Emission of alpha-particles occurs according to a Poisson process. Suppose that, on average, the number of alpha-particles emitted from a radioactive substance is 4 every second. What is the probability that emission of the next two alpha-particles will take at least 2 seconds?

My solution:

Defining X to be the time in seconds for one alpha particle to be emitted.

Since it is a Poisson process, for one particle he have P(X>=2)=1-P(x<2)=1-Integral from 0 to 2 of ((e^(-4)*4^x)/(x!)). Since we have 2 alpha particles to be emitted then we square the answer.

I don't know if I got the integration and squaring the answer correctly.


1 Answer 1


For the next two alpha-particles to take at least 2 seconds, means that within that 2 second period you can have zero or 1 emission.

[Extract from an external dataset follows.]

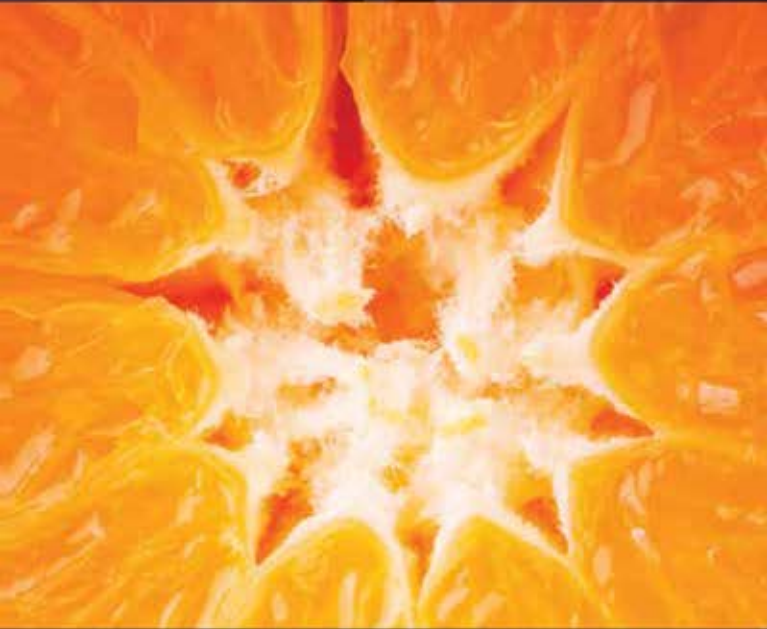
FM 6003-ES // CITRUS MIX

Two emissions within that period would mean that the two particles have been emitted in some time less than two seconds, which is not consistent with the requirement.

From the average emission rate, it follows that on average there are 8 emissions in a two second period. The probability that there are zero or 1 emissions, is thus $9\exp(-8)\approx 3\times 10^{-3}$.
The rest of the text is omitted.